::: Data to examine :::
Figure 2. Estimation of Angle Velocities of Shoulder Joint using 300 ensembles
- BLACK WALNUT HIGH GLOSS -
:::
::: Data to examine :::
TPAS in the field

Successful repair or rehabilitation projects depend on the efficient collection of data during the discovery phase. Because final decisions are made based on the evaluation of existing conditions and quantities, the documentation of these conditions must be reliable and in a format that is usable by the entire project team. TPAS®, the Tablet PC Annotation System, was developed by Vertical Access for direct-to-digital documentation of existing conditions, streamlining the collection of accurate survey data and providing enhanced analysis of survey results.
:::
Task requirements:
Repeat, exactly as they stand above, the lines from the line with "Figure 2. Estimation" to the line with "- BLACK WALNUT", both lines included.

Answer to the exercise:
Figure 2. Estimation of Angle Velocities of Shoulder Joint using 300 ensembles
- BLACK WALNUT HIGH GLOSS -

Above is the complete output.